5.4. Summary

This has been a substantial amount of information regarding various configuration types, methods, and files. After this lecture, you have greatly broadened your horizon about configurations of datasets:

  • Configurations exist at different scopes and for different tools. Each of such configuration scopes exists in an individual file, on a system-wide, global (user-specific) or local (repository specific) level. In addition to Git’s local scope in .git/config, DataLad introduces its own configurations within .datalad/config that apply to a specific dataset, but are committed and therefore distributed. More specialized scopes take precedence over more global scopes.

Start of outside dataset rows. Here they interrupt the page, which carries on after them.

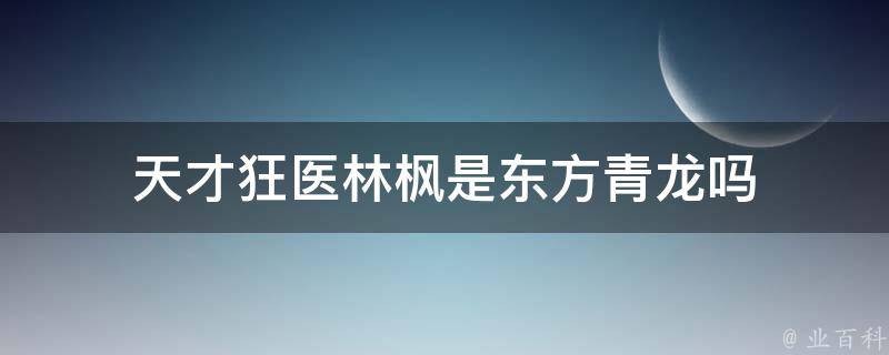 天才狂医林枫不是东方青龙,只是一个医术超群的医生。《天才狂医》是一部完结的都市类轻小说,作者是陆尘。内容简介:林枫,出身古老的中医世家。秉承祖训下山历练,为了习练祖上医术而躲避上京三大美女的逼婚,他一路躲藏,最终在比较落后的周山省西前市第一人民医院安身立命。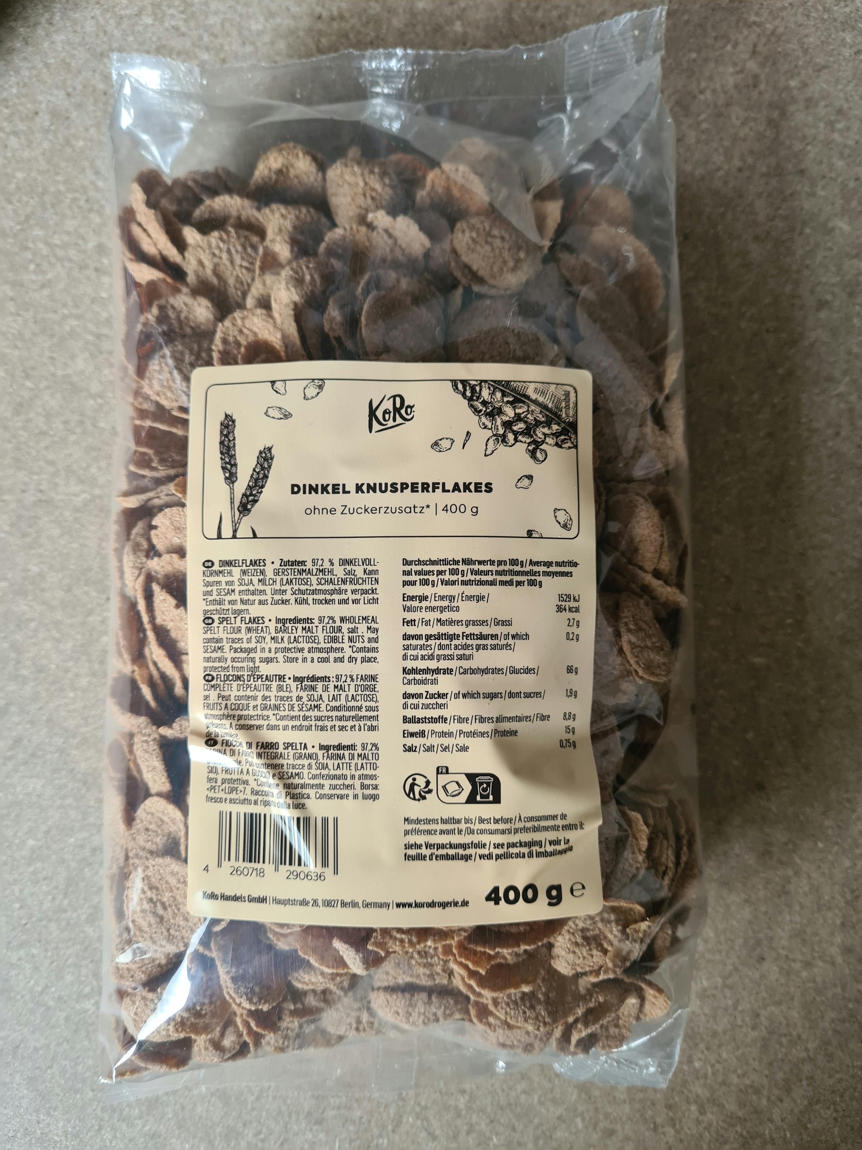 Pro 100 g haben die Knusperflakes aus Dinkel 364 kcal.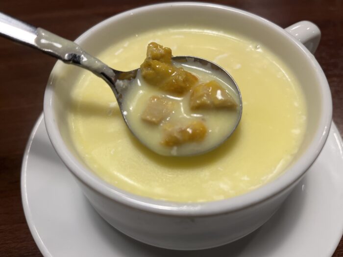 チキンスープ (日本のシチューのようなクリーミーな味わいの中にほのかにスパイシーさを感じました)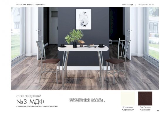 Стол обеденный №3 (Террикон) - за 9 016 руб. в Сургуте. Купите на сайте surgut.onlinemarketmebeli.ru или по телефону 8(800)505-30-63 уже сегодня! Уточнить наличие, комплектацию, актуальную цену можно бесплатно у менеджера ежедневно. Закажите Стол обеденный №3 (Террикон) до конца акции! Доступна покупка в кредит, рассрочку. Доставим со склада или на заказ.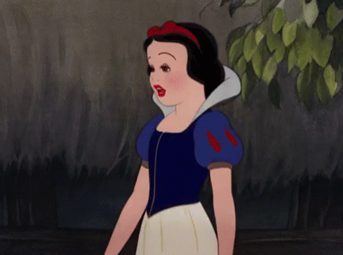 Snow White waves goodbye with a smile, saying 'Hasta Nunqui' in this animated clip.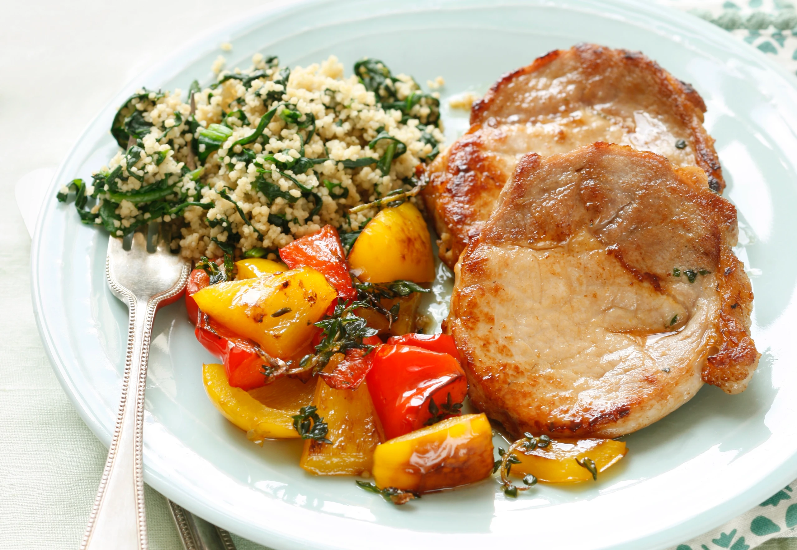 Spinat in Streifen schneiden und in einer heißen Pfanne zugedeckt zusammenfallen lassen (30 Sekunden). Spinat salzen und pfeffern. Suppe mit zerdrücktem Knoblauch aufkochen, vom Herd nehmen, Couscous und 2 EL Öl einrühren und 7 Minuten quellen lassen. Spinat untermischen. Steaks mit Sauce, Paprika und Couscous servieren.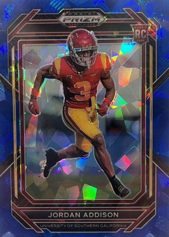 The Jordan Addison 2023 Prizm Draft Picks #136 Blue Ice /99 Rookie card in Raw condition has not changed in price in the last 30 days and was last sold for $4.99 .
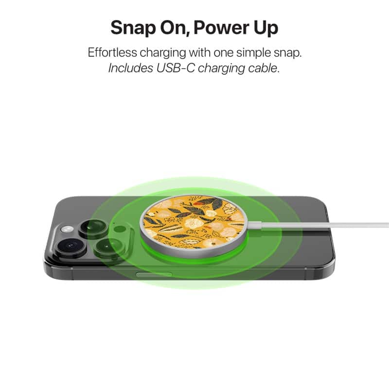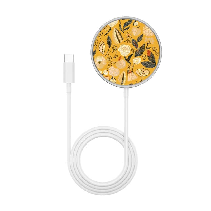 MyBat Design Lab Magnetic Wireless Charger – Silver – Floral Stitch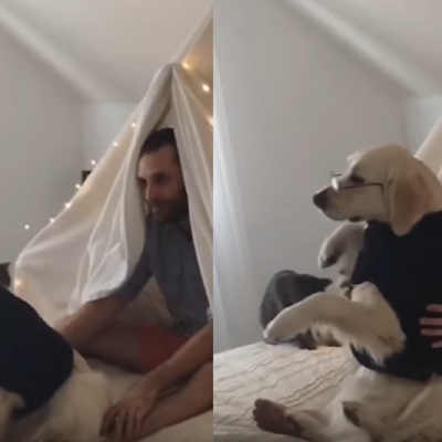 Има целосна доверба: Куче слободно паѓа во рацете на својот сопственик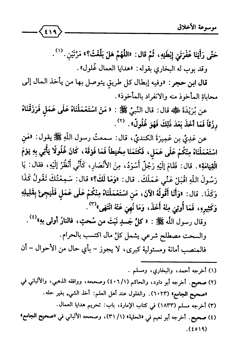 عن بُرَيدَةَ - رضي الله عنه - قال: قال النَّبيّ - صلى الله عليه وسلم -: "مَن استعمَلنَاهُ عَلَى عَمَلٍ فَرَزَقنَاهُ رِزقاً فما أخَذَ بَعدَ ذلِكَ فَهُوَ غلُولٌ". (¬2).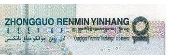 "بنك الشعب الصيني" مكتوب بخمس لغات مختلفة. من أعلى إلى أسفل، ومن اليسار لليمين: مندارين پنين، المنغولية، التبتية، الويغورية وژوانگ.
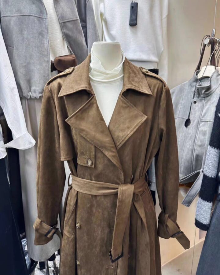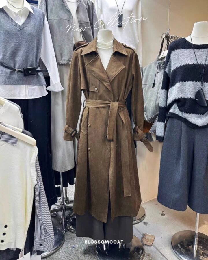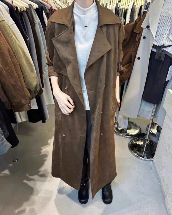 / B2211 เสื้อโค้ทยาวหนังกลับ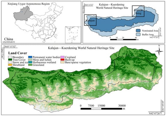 The Kalajun–Kuerdening heritage site is located in the central part of the Tianshan Mountains, in the Middle Tianshan Mountains in Xinjiang, with the overall topography being high in the south and low in the north. It is an integral part of the wild fruit forests in Central Asia as well as the origin and concentrated distribution area of wild apples, walnuts, European plums and other species. It is also a suitable habitat and source of global Schrenk spruce (Picea schrenkiana Fisch. et Mey.) []. Kalajun is the most prototypical representative of the Tianshan coniferous forest bioregion in the Central Asian Mountain Steppe and Woodland Ecoregions in Global 200 Ecoregions. Kuerdening is the most prototypical representative of the Tianshan Mountain Steppe Meadow bioregion (Figure 1).

  • Almost all configurations can be set with the git config. Its structure looks like this:

    git config --local/--global/--system --add/remove-all/--list section.[subsection.]variable "value"
  • The .git/config configuration file is not version controlled, other configuration files (.gitmodules, .gitattributes, .datalad/config) however are, and can be shared together with the dataset. Non-shared configurations will take precedence over shared configurations in a dataset clone.

  • Other tools than Git can be configured with the git config command as well. If the configuration needs to be written to a file other than a .git(/)config file, supply a path to this file with the -f/--file flag in a git config command.

  • The .gitattributes file is the only configuration file the git config can not write to, because it has a different layout. However, run-procedures or the user can write simple rules into it that determine which files are annexed and which are stored in Git.

  • DataLad’s run-procedures offer an easy and fast alternative to DIY configurations, structuring, or processing of the dataset, and offer means to share or ship configurations together with a dataset. They can be applied already at creation of a dataset with datalad create -c <procedure>, or executed later with a datalad run-procedure command.

5.4.1. Now what can I do with it?

Configurations are not a closed book for you anymore. What will probably be especially helpful is your new knowledge about .gitattributes and DataLad’s run-procedure command that allow you to configure the behavior of git-annex in your dataset.